My worry is that an RTS is a complex thing. I don't know other mobile RTSes, but if you are talking C&C or Starcraft, then there's level building, unit AI, pathfinding, a whole host of UI related gameplay stuff (tech trees, maps, waypoints, etc.), other UX and then of course, doing all of this on a mobile device where my attention span is that of a goldfish. If you can do it digitally, and want to build it fast, prototype the core gameplay mechanic you are going for and learn whether or not that is fun as a first milestone. Check out Unity 5 since it does a lot of heavy lifting tech-wise and it's cross platform -- you can get your app on Droid or iPhone (you don't need the $99 sub to test on a local device, so I've heard from Apple's press conference last year). Make some simple 3D assets in Blender for testing purposes, script up the core game loop and iterate over it until you get something you like. Do all of that before you invest your money and someone else's time and energy in making intricate art assets and whatever. Uniqueness counts, but also craftsmanship too. Build a game that feels fun and runs decently, or why would I come back to play?

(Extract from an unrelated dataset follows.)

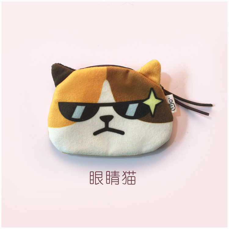 Cute Cat Face Zero Wallet Expression Bag Zero Money Bag Creative Cartoon Key Bag Printed Plush Card Bag Headphone Bag Cute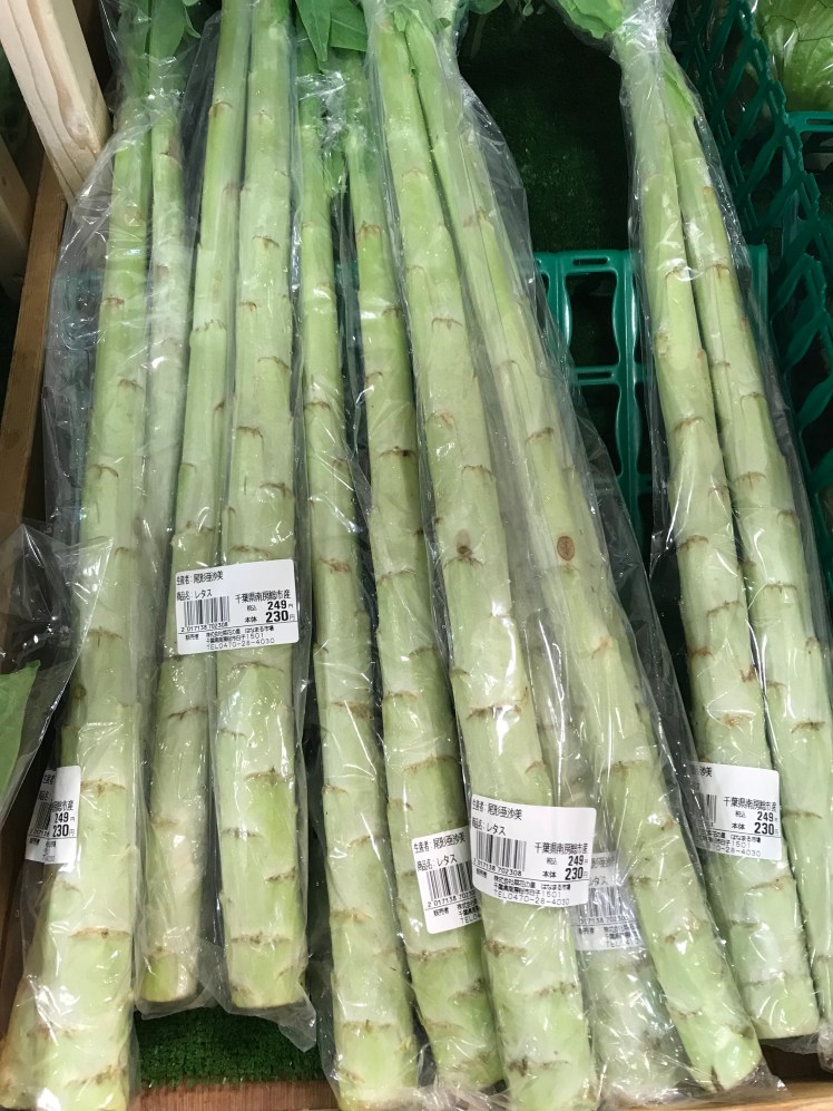 今日、朝の釣り、食事の後、次女の婚約者の彼が自転車に乗ってみたいと言うので、自分の自転車のサドルを高くして二人でサイクリングに。家から15kmほどの道の駅ローズマリー公園へ向かいました。着いて直産物売場をうろうろしていると何やら見慣れない野菜を発見。ラベルを見るとなんと“レタス”と書いてある!

You may also want to get your hands into Unity, if you're running with 1 or 2 other people -- so that's something to learn (via Youtube). There's other things to do rather than code. While your engineering guy is doing that heavy lifting you could be figuring out tuning, or making temp assets, world building, etc. Don't just rely on the design doc; it's not the ten commandants. Nobody reads that doc anyway and it'll probably be obsolete a week into the project. If there's an idea worth it's salt it's in the game prototype.
I don't want to say, "don't do this," not because RTSes are niche, but because this is the first time you're going to try and make a game at all. Every guy who has an idea for a game always wants to do an RTS, or RPG, or open-world MMO Minecraft blah-blah thing. Yeah, Notch built Minecraft himself up until alpha, but there are plenty of cases where folks are over-ambitious and have no idea what they're getting themselves into and lose all their money (look up the Kotaku article on the Yogscast guys and their "minecraft" clone, it's worth a read on a failed Kickstarter project). If you're going to do this, spend some time prototyping with a small team till you get something that works, scope to have a minimal feature set, and don't feature-creep/add shit to it unless you absolutely have too. Get time estimates in days on features when you're ready for production and multiple them by 2 or 3 because everything will go sideways, and that's how much time you'll probably need to finish the game. Don't forget to add time for beta testing and bug fixes.
Good luck, man. Game dev is hard and time consuming, but it can be fun to create something from nothing.